◆ Task goal
Please return the full listing word for word, leaving out any pictures.

◆ Supplied information
◆ ◆ ◆ ◆ ◆ ◆ ◆

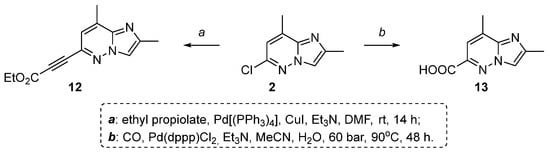 However, the synthesis of derivatives 12, 13 is also carried out via a metal-complex catalyzed reactions, i.e., coupling of compound 2 with ethyl propiolate in the presence of CuI, Pd[(PPh3)4] or carbonylation of compound 2 in the presence of Pd(dppp)Cl2, respectively (Figure 3).
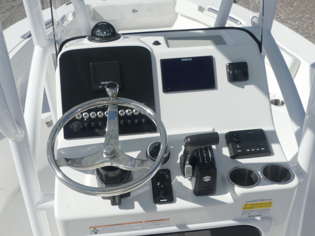 The helm is thoughtfully laid out for comfort and control. Premium seating, power steering with tilt helm, digital switch panels, and a multifunction display keep critical functions within easy reach. A fiberglass hard top provides shade and shelter, making longer days on the water more enjoyable for everyone aboard.
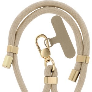 Univerzális Csuklóheveder, amely kényelmes módja a telefon, kulcs vagy más kisméretű kiegészítők hordozásának, amelyeket mindig jól jön a közelben tartani. A 6 mm vastag fonott zsinór arany elemekkel kombinálva modern és rendezett megjelenést kölcsönöz, az arany fém karabiner pedig lehetővé teszi, hogy könnyedén rögzítse a hevedert egy tokhoz, hátizsákhoz vagy kulcstartóhoz.
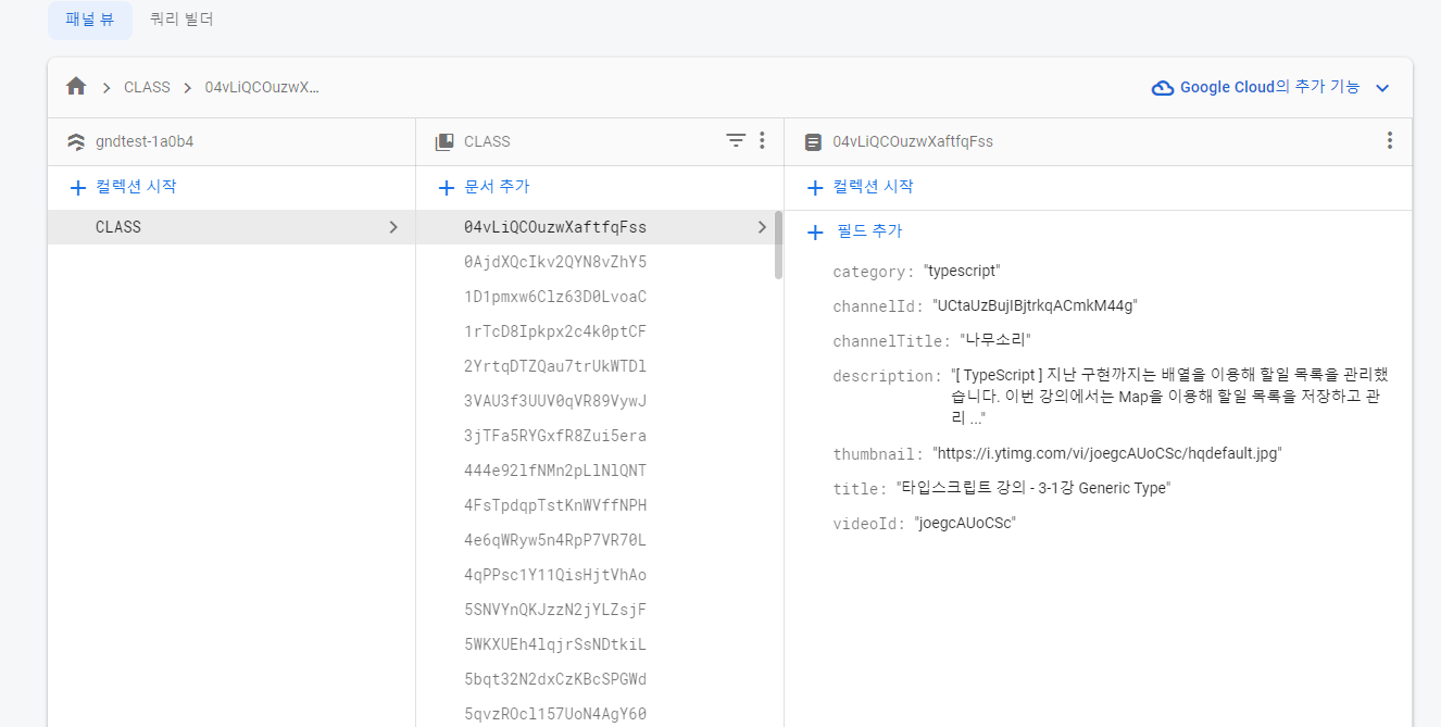 그럼 파이어베이스 파이어스토어(데이터베이스)에 이런식으로 데이터가 저장된다.

◆ ◆ ◆ ◆ ◆ ◆ ◆

◆ Written answer
 However, the synthesis of derivatives 12, 13 is also carried out via a metal-complex catalyzed reactions, i.e., coupling of compound 2 with ethyl propiolate in the presence of CuI, Pd[(PPh3)4] or carbonylation of compound 2 in the presence of Pd(dppp)Cl2, respectively (Figure 3).
 The helm is thoughtfully laid out for comfort and control. Premium seating, power steering with tilt helm, digital switch panels, and a multifunction display keep critical functions within easy reach. A fiberglass hard top provides shade and shelter, making longer days on the water more enjoyable for everyone aboard.
 Univerzális Csuklóheveder, amely kényelmes módja a telefon, kulcs vagy más kisméretű kiegészítők hordozásának, amelyeket mindig jól jön a közelben tartani. A 6 mm vastag fonott zsinór arany elemekkel kombinálva modern és rendezett megjelenést kölcsönöz, az arany fém karabiner pedig lehetővé teszi, hogy könnyedén rögzítse a hevedert egy tokhoz, hátizsákhoz vagy kulcstartóhoz.
 그럼 파이어베이스 파이어스토어(데이터베이스)에 이런식으로 데이터가 저장된다.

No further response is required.